[Start of Attachment]

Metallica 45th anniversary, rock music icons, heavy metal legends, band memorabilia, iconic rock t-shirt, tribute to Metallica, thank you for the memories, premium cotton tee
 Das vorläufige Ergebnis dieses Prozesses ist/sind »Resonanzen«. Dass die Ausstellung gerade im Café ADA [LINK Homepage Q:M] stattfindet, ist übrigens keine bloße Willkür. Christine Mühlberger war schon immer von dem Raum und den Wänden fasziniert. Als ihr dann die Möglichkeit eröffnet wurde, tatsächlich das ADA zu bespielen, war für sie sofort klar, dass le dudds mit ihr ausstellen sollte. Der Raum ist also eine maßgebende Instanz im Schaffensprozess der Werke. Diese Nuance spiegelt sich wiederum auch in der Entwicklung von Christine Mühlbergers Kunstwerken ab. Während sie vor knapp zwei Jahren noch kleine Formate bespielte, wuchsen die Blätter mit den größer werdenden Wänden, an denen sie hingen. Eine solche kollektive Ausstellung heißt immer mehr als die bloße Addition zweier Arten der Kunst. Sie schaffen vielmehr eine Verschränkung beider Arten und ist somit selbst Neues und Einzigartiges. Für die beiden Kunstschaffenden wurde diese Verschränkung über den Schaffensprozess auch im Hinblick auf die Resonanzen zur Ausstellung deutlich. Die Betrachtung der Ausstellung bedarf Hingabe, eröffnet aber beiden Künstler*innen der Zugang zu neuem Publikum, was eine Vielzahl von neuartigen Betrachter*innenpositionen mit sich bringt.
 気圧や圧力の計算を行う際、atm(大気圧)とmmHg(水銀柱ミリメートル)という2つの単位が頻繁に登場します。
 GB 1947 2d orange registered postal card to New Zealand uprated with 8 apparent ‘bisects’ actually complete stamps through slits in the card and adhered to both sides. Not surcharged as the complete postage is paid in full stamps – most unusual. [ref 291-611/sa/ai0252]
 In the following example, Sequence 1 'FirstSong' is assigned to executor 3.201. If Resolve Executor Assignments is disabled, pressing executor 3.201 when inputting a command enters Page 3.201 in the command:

[End of Attachment]

Exercise description: Reproduce the material while keeping each line exactly as it was written.

Solution to this task:
Metallica 45th anniversary, rock music icons, heavy metal legends, band memorabilia, iconic rock t-shirt, tribute to Metallica, thank you for the memories, premium cotton tee
 Das vorläufige Ergebnis dieses Prozesses ist/sind »Resonanzen«. Dass die Ausstellung gerade im Café ADA [LINK Homepage Q:M] stattfindet, ist übrigens keine bloße Willkür. Christine Mühlberger war schon immer von dem Raum und den Wänden fasziniert. Als ihr dann die Möglichkeit eröffnet wurde, tatsächlich das ADA zu bespielen, war für sie sofort klar, dass le dudds mit ihr ausstellen sollte. Der Raum ist also eine maßgebende Instanz im Schaffensprozess der Werke. Diese Nuance spiegelt sich wiederum auch in der Entwicklung von Christine Mühlbergers Kunstwerken ab. Während sie vor knapp zwei Jahren noch kleine Formate bespielte, wuchsen die Blätter mit den größer werdenden Wänden, an denen sie hingen. Eine solche kollektive Ausstellung heißt immer mehr als die bloße Addition zweier Arten der Kunst. Sie schaffen vielmehr eine Verschränkung beider Arten und ist somit selbst Neues und Einzigartiges. Für die beiden Kunstschaffenden wurde diese Verschränkung über den Schaffensprozess auch im Hinblick auf die Resonanzen zur Ausstellung deutlich. Die Betrachtung der Ausstellung bedarf Hingabe, eröffnet aber beiden Künstler*innen der Zugang zu neuem Publikum, was eine Vielzahl von neuartigen Betrachter*innenpositionen mit sich bringt.
 気圧や圧力の計算を行う際、atm(大気圧)とmmHg(水銀柱ミリメートル)という2つの単位が頻繁に登場します。
 GB 1947 2d orange registered postal card to New Zealand uprated with 8 apparent ‘bisects’ actually complete stamps through slits in the card and adhered to both sides. Not surcharged as the complete postage is paid in full stamps – most unusual. [ref 291-611/sa/ai0252]
 In the following example, Sequence 1 'FirstSong' is assigned to executor 3.201. If Resolve Executor Assignments is disabled, pressing executor 3.201 when inputting a command enters Page 3.201 in the command:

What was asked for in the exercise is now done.